## WHAT TO DO
Copy out every line of the data exactly; do not include the images.

## EXERCISE MATERIALS
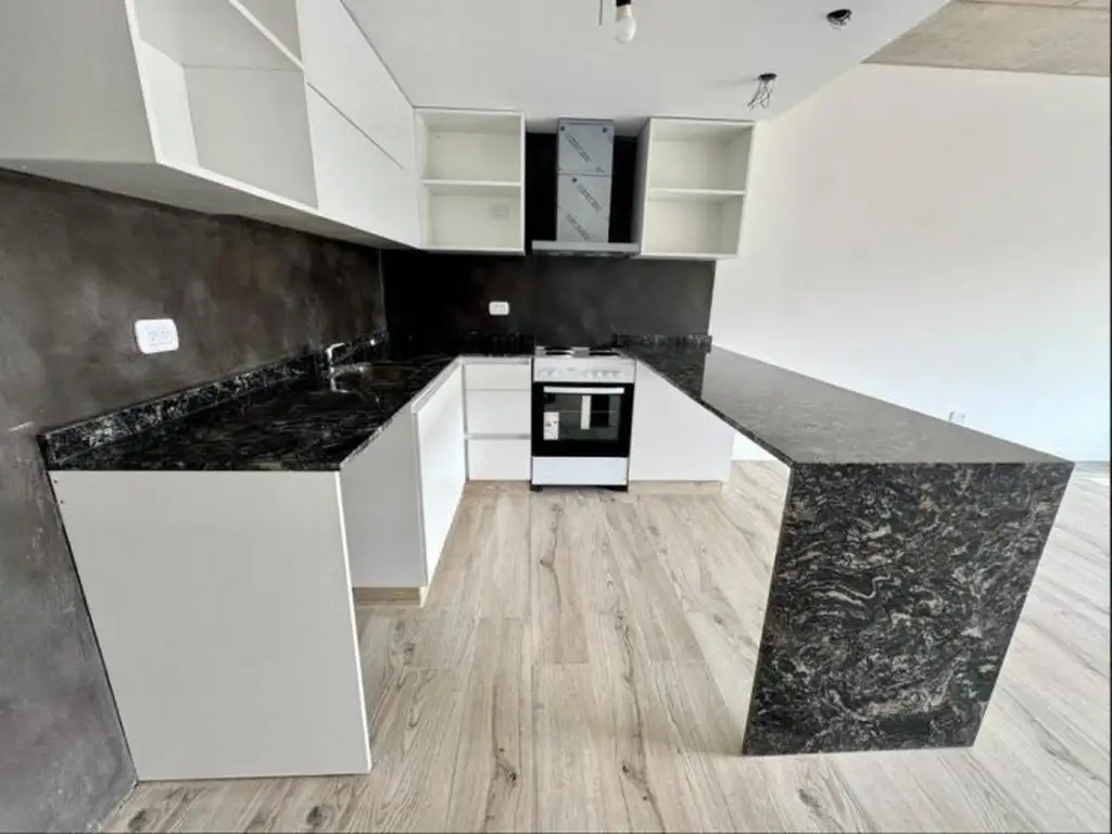 Cocina integrada equipada con bajo mesada, barra desayunador, cocina eléctrica y pre-instalación para campana extractora.
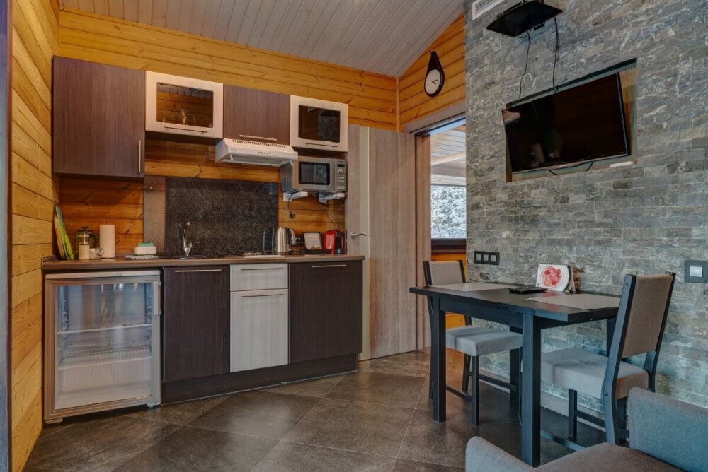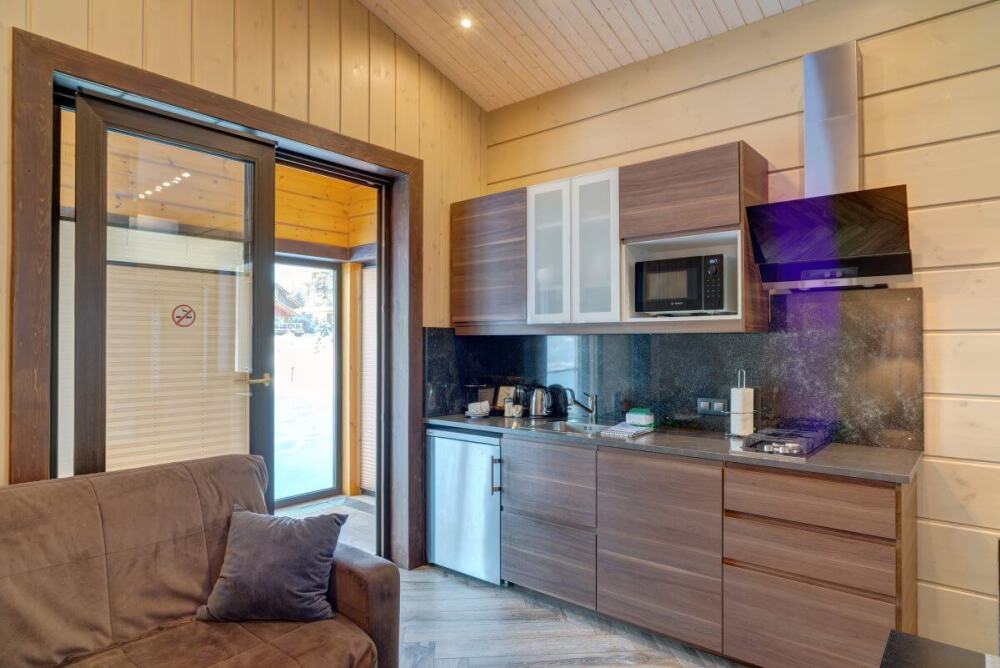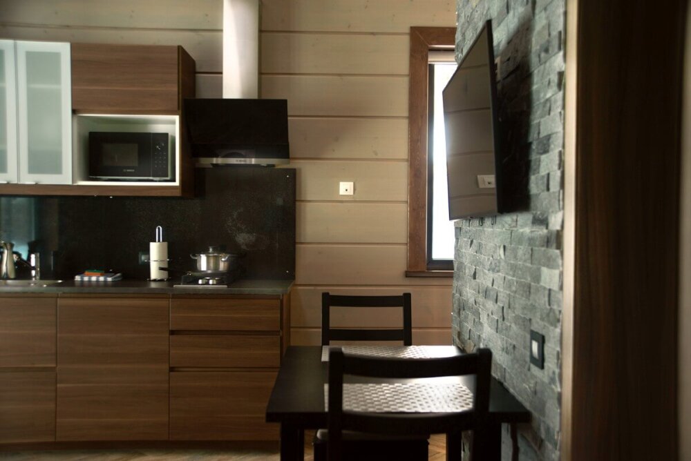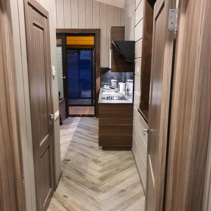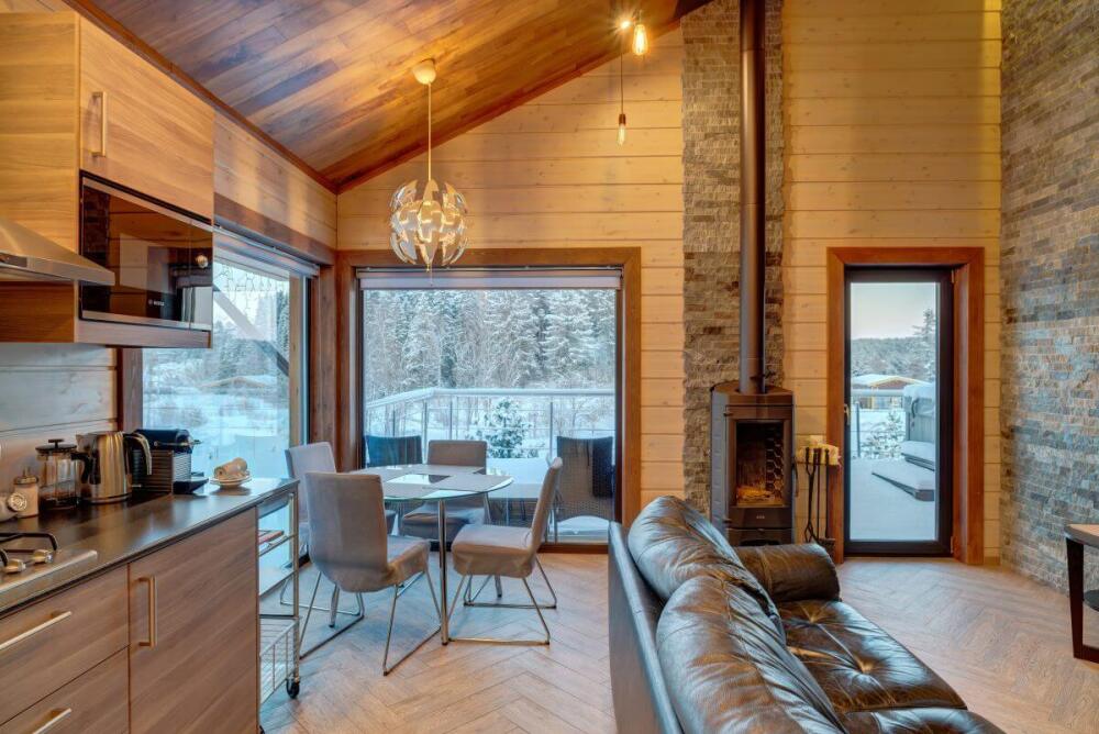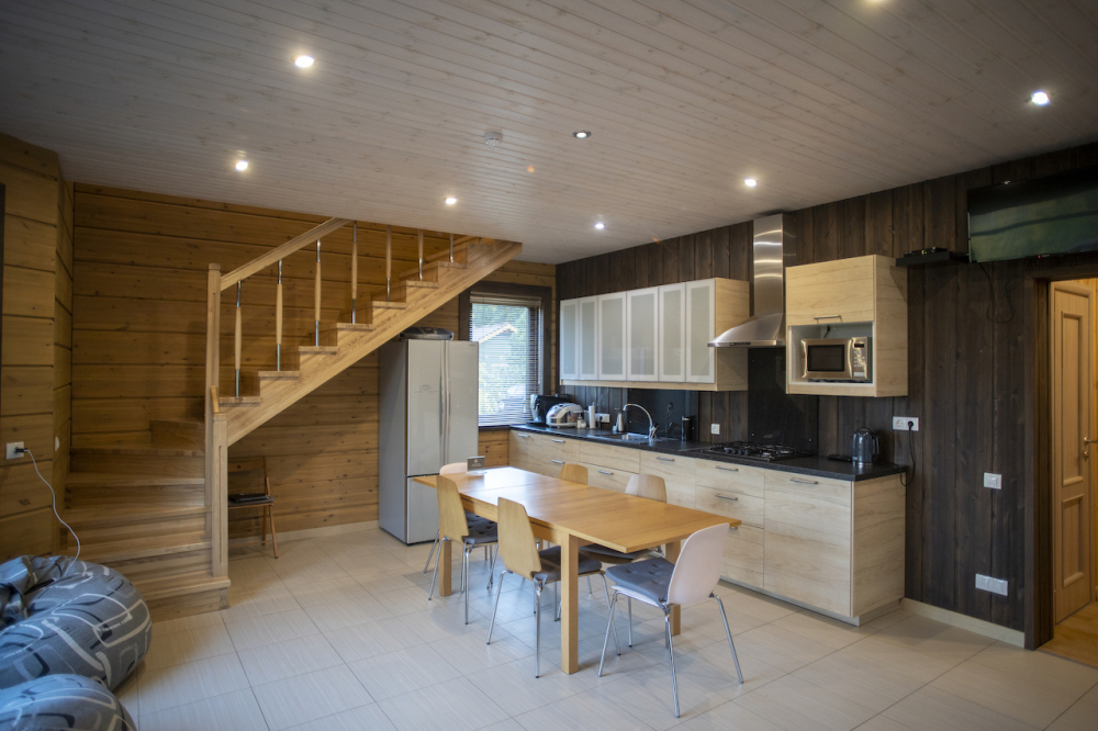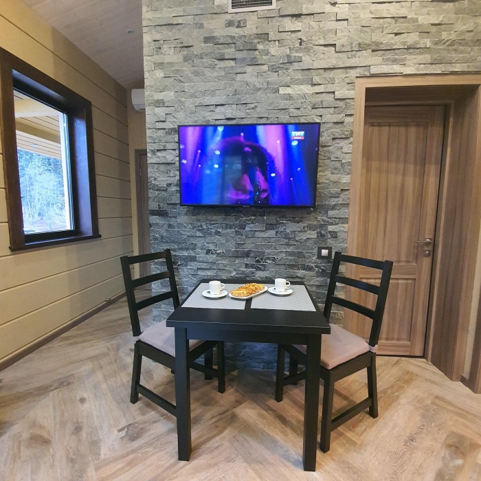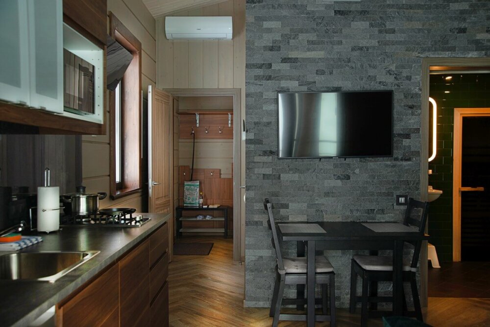 В коттедже есть 2 полноценные спальные комнаты, кухня соединена с гостиной зоной, где особую уютную атмосферу создают панорамные окна, камин и декоративная подсветка.
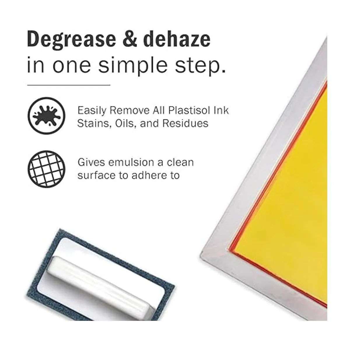 Limpiador respetuoso con el medio ambiente: nuestro removedor de niebla de serigrafía de seda es biodegradable y seguro en tu malla de serigrafía. Seguro para drenaje, no peligroso y no corrosivo. Siéntete libre de usar donde sea necesario y no te preocupes por productos químicos desagradables.
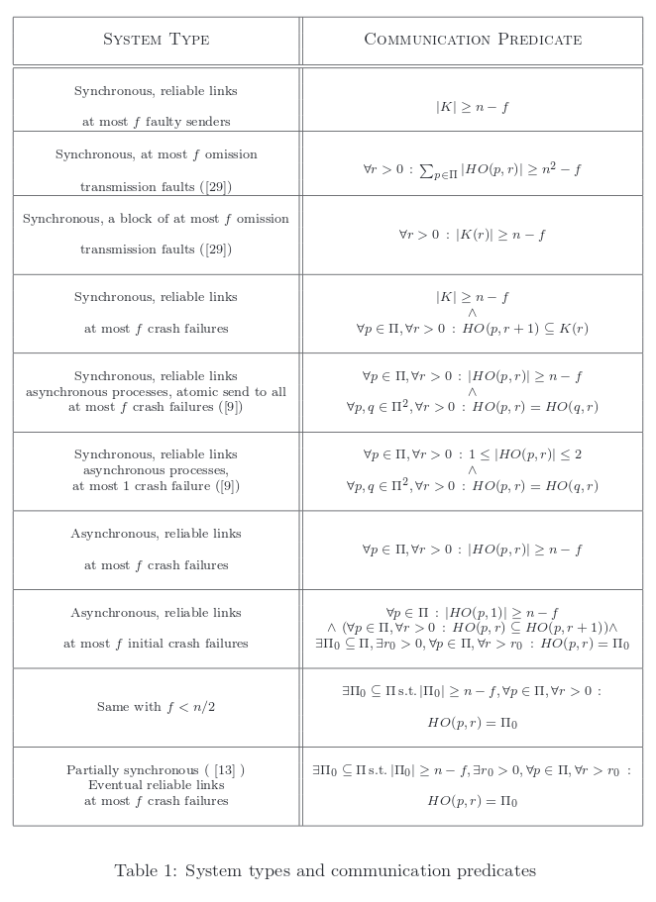 We briefly touched on the Heard-Of model last week when we looked at PSync. It’s really very elegant, so today I thought it would be good to take a closer look. The traditional view of fault-tolerant distributed systems makes the following two assumptions:
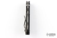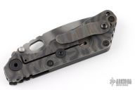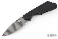 This Strider SNG framelock folder features a tiger striped blade with thumbhole and notched thumbrest. The handle has a black G-10 and flamed titanium frame with titanium clip, tip up carry. Jimping on blade spine. Nice lockup, detent, and blade seating. Has scuffs and scratches throughout, has some light staining, good user condition.
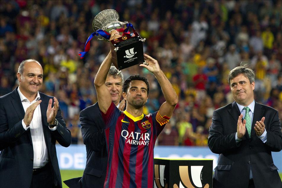 Barcelona, Spain. FC Barcelona's captains Xavi hernandez cellebrates the victory of the club at Spanish SuperCup match against At. de Madrid. Albert Salamé / AnadoluAlbert Salamé / Anadolu
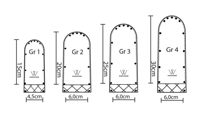• Das Innenmaß beträgt: Gr. 1 = 4,5 cm, Gr. 2 – Gr. 4 = 6,0 cm

## RESULT OF THE TASK
 Cocina integrada equipada con bajo mesada, barra desayunador, cocina eléctrica y pre-instalación para campana extractora.
 В коттедже есть 2 полноценные спальные комнаты, кухня соединена с гостиной зоной, где особую уютную атмосферу создают панорамные окна, камин и декоративная подсветка.
 Limpiador respetuoso con el medio ambiente: nuestro removedor de niebla de serigrafía de seda es biodegradable y seguro en tu malla de serigrafía. Seguro para drenaje, no peligroso y no corrosivo. Siéntete libre de usar donde sea necesario y no te preocupes por productos químicos desagradables.
 We briefly touched on the Heard-Of model last week when we looked at PSync. It’s really very elegant, so today I thought it would be good to take a closer look. The traditional view of fault-tolerant distributed systems makes the following two assumptions:
 This Strider SNG framelock folder features a tiger striped blade with thumbhole and notched thumbrest. The handle has a black G-10 and flamed titanium frame with titanium clip, tip up carry. Jimping on blade spine. Nice lockup, detent, and blade seating. Has scuffs and scratches throughout, has some light staining, good user condition.
 Barcelona, Spain. FC Barcelona's captains Xavi hernandez cellebrates the victory of the club at Spanish SuperCup match against At. de Madrid. Albert Salamé / AnadoluAlbert Salamé / Anadolu
• Das Innenmaß beträgt: Gr. 1 = 4,5 cm, Gr. 2 – Gr. 4 = 6,0 cm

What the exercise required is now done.